February 22, 2012, date of original journal entry.
For he shall have judgment without mercy, that hath shewed no mercy; and mercy rejoiceth against judgment. (James 2:13)
Margaret seems to have learned a lesson today. But, in fairness to her, I must confess that I first had to learn a lesson of my own.
I am all for authority. Rules, regulations, and, above all, consequences are part of my genetic make up. Rigid would be a good description for my view on rules. But unforgiving might work too. I see rules as safe; they provide boundaries which, once crossed, result in well defined and understood consequences. But untempered austerity and strictness can leave one lacking in mercy.

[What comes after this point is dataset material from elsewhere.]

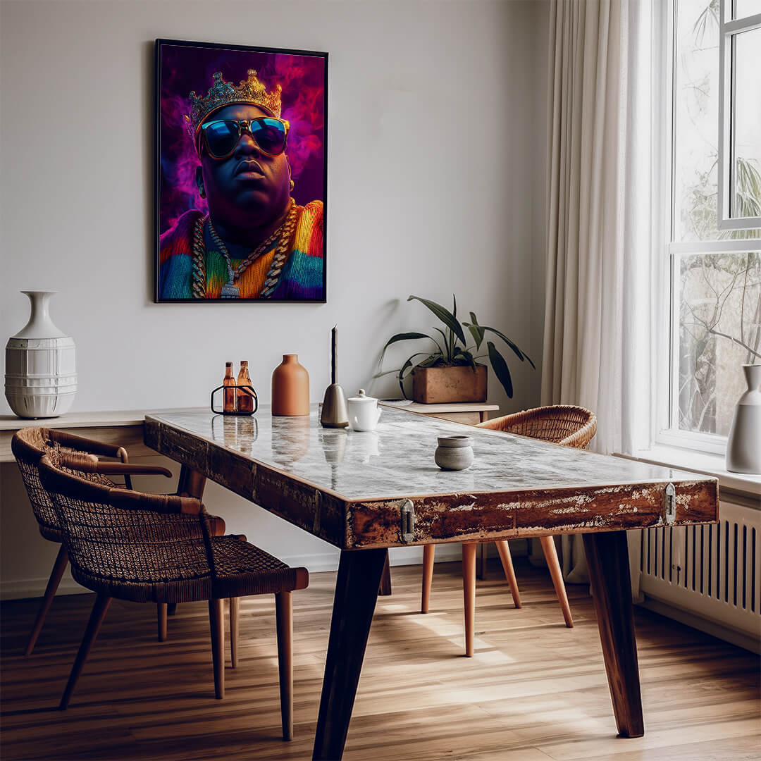 Biggies Einfluss auf die Musik und Kultur wird hier eindrucksvoll dargestellt und ist ein Muss für Fans, die sein Erbe feiern möchten. Perfekt geeignet für moderne Wohnräume, Musikstudios und kreative Räume, die den Spirit des Hip-Hop und den Charakter einer Legende widerspiegeln wollen.

On the other hand, Sierra Leone knows little of consequences. Rules are simply obstacles which are to be gotten around or bribed away. This is a difficult culture for me to operate in. It is hard for me to understand what they don’t understand about consequences.
True to her culture, Margaret has many times shrugged off the rules (and consequences) we set in place, and to which she and her grandmother agreed in order for us to send her to primary school. Yesterday was the last straw for me. That’s it, I stewed in my mind, she’s finished, done, school is over for her! She agreed to …

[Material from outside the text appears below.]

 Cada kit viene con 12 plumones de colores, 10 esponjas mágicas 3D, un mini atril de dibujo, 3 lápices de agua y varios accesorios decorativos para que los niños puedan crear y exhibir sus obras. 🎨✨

Today she showed up for lunch. It’s been several days since she’s been here. This tells me she was hungry or she wouldn’t have come at all. She was clearly apprehensive. She was probably wondering if I would flog her. I never have, but that is the way they mete out judgment in their culture, especially for an orphan who had shirked a duty. No, I wouldn’t flog her; I decided that mercy would be the best lesson for Margaret. I hugged her, gave her lunch, sat and studied with her, then sent her along back to school, with some raisins, her favorite. Never saying a word about the neglected work. Sounds noble, right? Sounds like the spiritually mature thing the missionary wife should do, doesn’t it? Sadly, that was not my initial intention, but rather the required judgment. But as Margaret sat very quietly eating her lunch, uncomfortable and uncertain, squirming and hesitant, with fearful eyes watching my every move, I realized that this was punishment enough for an orphan girl who has only known harshness, cruelty, and shifting, unclear boundaries.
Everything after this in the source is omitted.